Several classification systems of chronic pancreatitis have been proposed to provide a basis for treatment and research. All of these previous classifications were designed at the height of pancreatic research of their respective times; thus, each represented the most current knowledge available to pancreatologists at the time. However, none of these classifications provide simultaneously a simple standardized system for the clinical classification of chronic pancreatitis according to etiology, clinical stage, and severity of the disease, nor are they consistently useful for directing clinical practice and comparing interinstitutional data. Thus, we aimed to develop a new classification system of chronic pancreatitis to provide a framework for studying the interaction of various risk factors on the course of the disease.
We reviewed the literature on the clinical course of all different forms of chronic pancreatitis, and we reviewed all previous classification systems of the disease. This approach provided a basis for the development of a new and unifying classification of chronic pancreatitis.

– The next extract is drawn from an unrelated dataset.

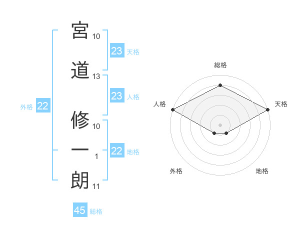 宮道 修一朗さんの総格は45画の4点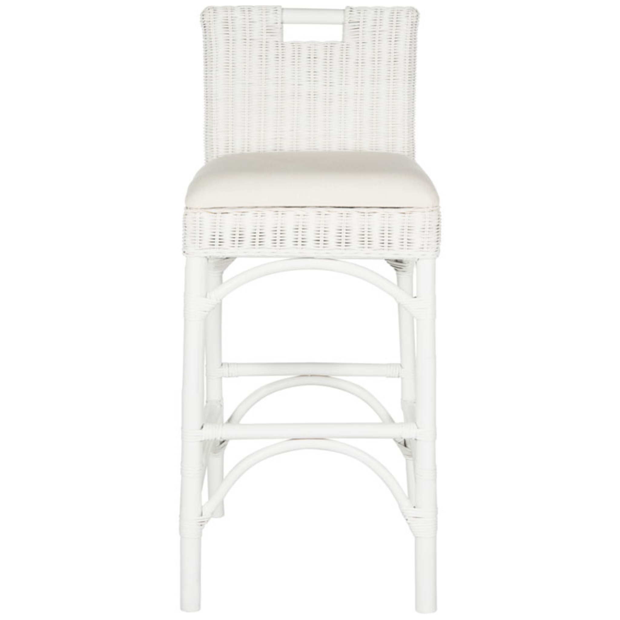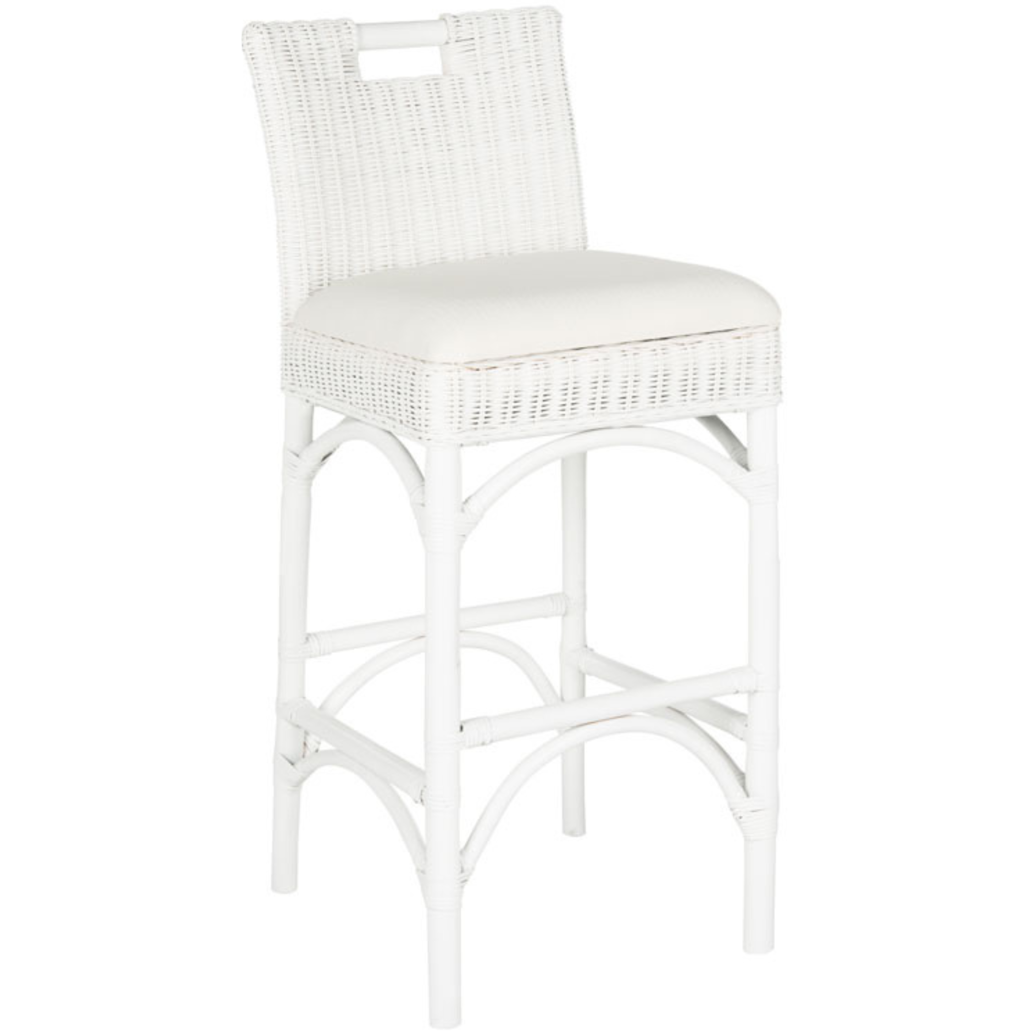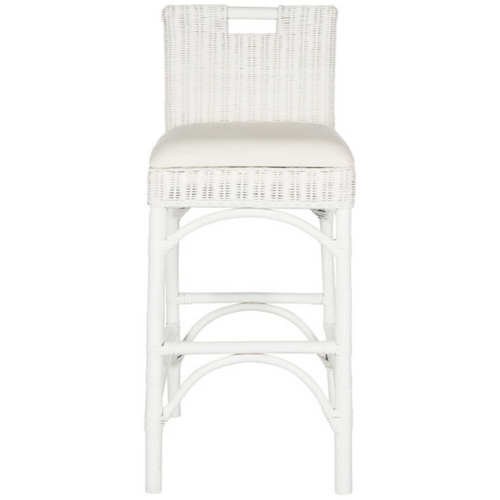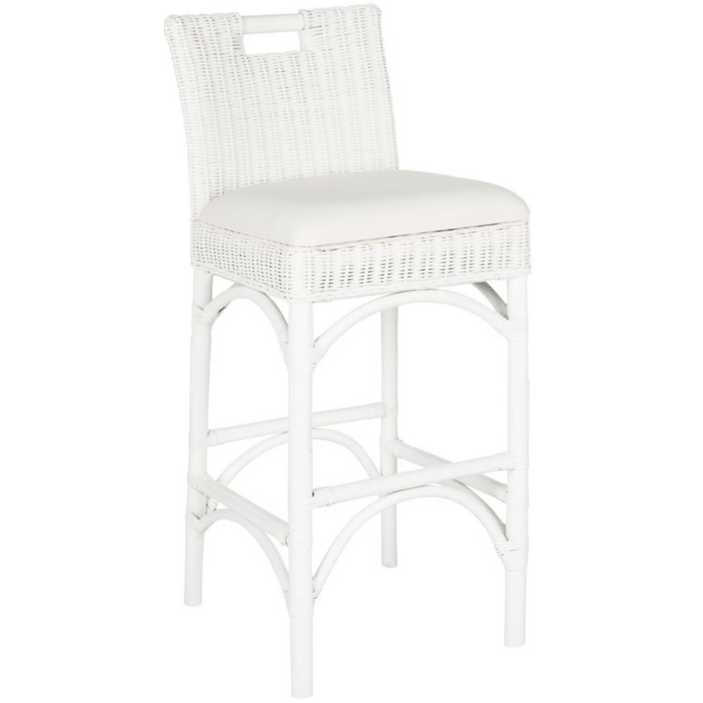 A modern take on classic Thonet design, this white rattan bar stool blends a contemporary seat back with the graceful bentwood curves of traditional European bistro chairs. Finished with a soft white poly-cotton cushion, it offers inviting comfort—perfect for long, relaxed conversations in the kitchen. Click on images for greater detail.

We established the M-ANNHEIM multiple risk factor classification system based on the current knowledge of acute and chronic pancreatitis. This classification allows patients to be categorized according to the etiology, clinical stage, and severity of their disease. The severity of pancreatic inflammation was assessed using a scoring system that takes into account the clinical symptoms and treatment options of chronic pancreatitis. Finally, four hypothetical patients were categorized according to the M-ANNHEIM classification system to provide examples of its applicability in clinical practice.
The M-ANNHEIM multiple risk factor classification system is simple, objective, accurate, and relatively noninvasive, and it incorporates etiology, different stages of the disease, and various degrees of clinical severity. This new classification system will be helpful for investigating the impact and interaction of various risk factors on the course of the disease and will facilitate the comparison and combination of interinstitutional data.